Of surveyors polled 63% cited labour shortages as an issue, followed by 55% highlighting finance.

While workloads continue apace across all sectors, the private sector remains the principal driver of growth, with 48% of respondents reporting a rise in housing workload activity and the commercial sector also seeing a strong rise in workloads over the period.

Public house building in the north of England was stronger than elsewhere in the UK, while private house building activity is greater in the southern parts of the country.

Across the infrastructure sector, respondents reported the fastest growth since RICS began recording UK construction market data (Q4 1998). In particular, the rail and road sub-sectors were where workload momentum is forecast to be highest and across all sectors input costs are slightly outpacing prices, with 59% reporting increases in cost prices and 52% of respondents’ reporting higher output prices.

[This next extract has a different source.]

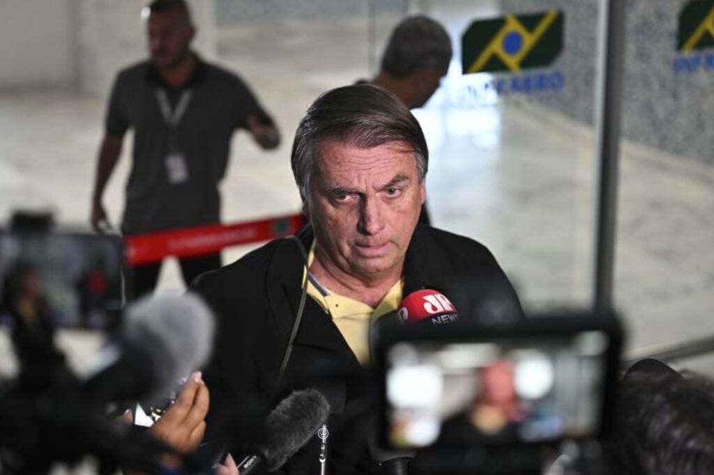 | L'ex-président du Brésil, Jair Bolsonaro, s'adresse à la presse à l'aéroport Santos Dumont de Rio, le 29 juin. |

Despite all the anecdotal evidence that a degree of uncertainty is entering the market in the countdown to the general election, outward confidence for growth is strong, with 79% of respondents expecting their workloads to rise over the next 12 months and this to translate into 3.8% growth in 2015.

RICS director of the built environment, Alan Muse, said: “Despite the outward optimism, there are some very real unknowns which are impacting on industry, including the general election, the UK’s relationship with Europe and skills shortages.

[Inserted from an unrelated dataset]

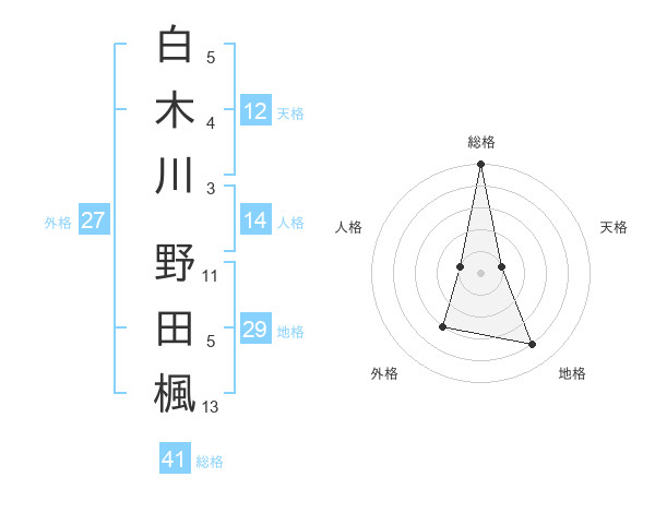 白木川 野田楓さんを姓名の画数から五運を鑑定

“The upturn in workloads has led to more competitive tendering, particularly across public sector projects, but a lack of accessible finance is now affecting a net balance of 55% of our members, and this will be felt most keenly among the small-medium sized SMEs.

“Now that material shortages are becoming less of an issue, the practical challenges are in providing the skilled labour the industry needs and in alleviating the financial constraints, which saw nine months of decreased lending in 2014.”